The basic idea behind the statistical revolution is that the real things of science are distributions of numbers, which can be described by parameters. It is mathematically convenient to embed that concept into probability theory and deal with probability distributions. By considering the distributions of numbers as elements from the mathematical theory of probability, it is possible to establish optimum criteria for estimators of those parameters and to deal with the mathematical problems that arise when data are used to describe the distributions. Because probability seems inherent in the concept of a distribution, much effort has been spent on getting people to understand probability, trying to link the mathematical idea of probability to real life, and using the tools of conditional probability to interpret the results of scientific experiments and observations.
The idea of distribution can exist outside of probability theory.
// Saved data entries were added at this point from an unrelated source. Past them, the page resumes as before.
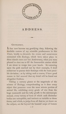 Credit: An address delivered at the anniversary meeting of the Zoological Club of the Linnean Society / [Joshua Brookes]. Source: Wellcome Collection.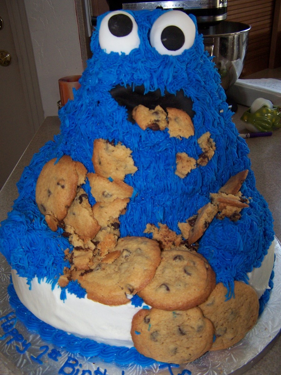 banana cream cake for the base and chocolate cookie monster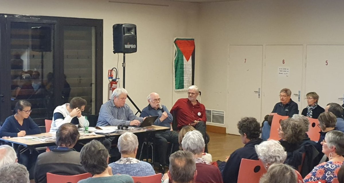 Le mercredi 20 mars en soirée se sont pressées 120 personnes dans la salle Barbara au Mans. Elles ont toutes répondu à l’invitation de la FSU, de la CGT, de la LDH et de l’Association France Palestine Solidarité 72, pour un temps d’information, de réflexion et de mobilisation à propos de l’horreur qui se joue à Gaza en ce moment même.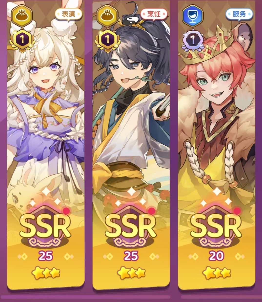 前期如果没抽到服务型的SSR,员工考核用姜子牙,嫦娥,青蛙童子就行,这时服务考核可能会稍难达标,我们可以通过经营计划→升级收银台来补一些服务属性。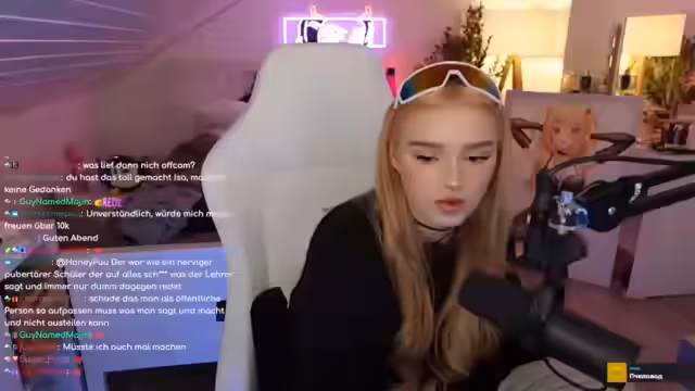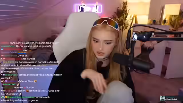 00:08:57Honeypuu streamt aus ihrem alten Kinderzimmer bei ihren Eltern, was für sie eine nostalgische Erfahrung ist. Sie zeigt ein cooles Neonschild, das sie gerne mit nach Madeira oder Korea nehmen würde, was aber aufgrund der Größe schwierig ist. Sie erzählt von ihrer Zeit auf der Gamescom LAN und erwähnt, dass sie Asyl bei ihren Eltern gesucht hat. Sie spricht über ihre neue Haarfarbe, die sie als Strawberry Blond bezeichnet, und dass sie ihr Setup ein wenig verbessert hat. Sie erwähnt, dass sie von ihrem Management Pakete erhalten hat, die an ihre Eltern geschickt wurden, da sie aufgrund eines Hacking-Vorfalls keine Pakete mehr annimmt. Sie zeigt ein Geschenk von Reiza, ein E-Mode, das sie mit nach Korea nehmen möchte, um es in ihr Regal zu stellen.

In fact, improper distributions (which are improper because they do not meet all the requirements of a probability distribution) are already being used in quantum mechanics and in some Bayesian techniques. The development of queuing theory, a situation where the average time between arrivals at the queue equals the average service time in the queue, leads to an improper distribution for the amount of time someone entering the queue will have to wait. Here is a case where applying the mathematics of probability theory to a real-life situation leads us out of the set of probability distributions.
Kolmogorov’s final insight was to describe probability in terms of the properties of finite sequences of symbols, where information theory is not the outcome of probabilistic calculations but the progenitor of probability itself. Perhaps someone will pick up the torch where he left it and develop a new theory of distributions where the very nature of the digital computer is brought into the philosophical foundations.
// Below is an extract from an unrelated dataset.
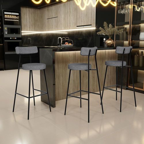 Amplamente moderna, dispondo de muito realce e design singular, O Kit 06 Banquetas Altas Bar Cozinha Sala De Jantar Estrutura Em Aço Milão L02 Linho Cinza Escuro - Lyam Decor vem com a personalidade e elegância que sua decoração merece! Estruturada em aço carbono, contrasta lindamente com o encosto e assento estofados, cabe mencionar ainda seu revestimento em Linho, é confeccionada por materiais de excelente qualidade, extremamente resistentes e aconchegantes. Possui altura ideal, garantindo o encaixe perfeito no ambiente, otimizando seu espaço e promovendo máximo conforto. Pode ser disposta em bancada, cozinha americana, área gourmet ou home bar, as possibilidades são infinitas e as combinações ficarão perfeitas. Adquira já a sua!! Dimensões do Produto (L x A x P) 44 x 100 x 52 cm Medidas Internas: Altura do chão ao assento: 75 cm Altura do chão ao apoio para pés: 29 cm Altura do assento: 6 cm Largura do assento: 34 cm Altura do assento ao encosto: 26 cm Altura do encosto: 11 cm Largura do encosto: 40 cm Profundidade do encosto: 6 cm Características:

Who knows where there may be another R. A. Fisher, working on the fringes of established science, who will soon burst upon the scene with insights and ideas that have never been thought before? Perhaps, somewhere in the center of China, another Lucien Le Cam has been born to an illiterate farm family; or in North Africa, another George Box who stopped his formal education after secondary school may now be working as a mechanic, exploring and learning on his own. Perhaps another Gertrude Cox will soon give up her hopes of being a missionary and become intrigued with the puzzles of science and mathematics; or another William S. Gossett is trying to find a way to solve a problem in the brewing of beer; or another Neyman or Pitman is teaching in some obscure provincial college in India and thinking deep thoughts. Who knows from where the next great discovery will come?
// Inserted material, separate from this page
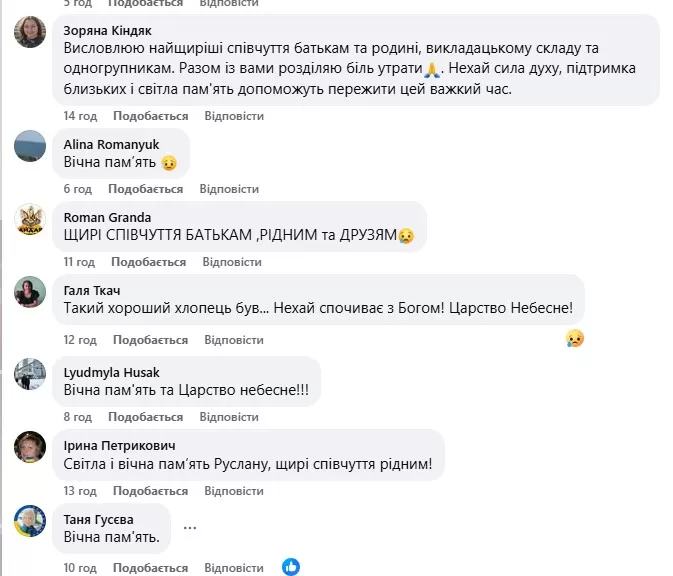 У коментарях люди, які його знали, кажуть, що Руслан був світлою та доброю дитиною.

As we enter the twenty-first century, the statistical revolution in science stands triumphant. It has vanquished determinism from all but a few obscure corners of science. It has become so widely used that its underlying assumptions have become part of the unspoken popular culture of the Western world. It stands triumphant on feet of clay. Somewhere, in the hidden corners of the future, another scientific revolution is waiting to overthrow it, and the men and women who will create that revolution may already be living among us.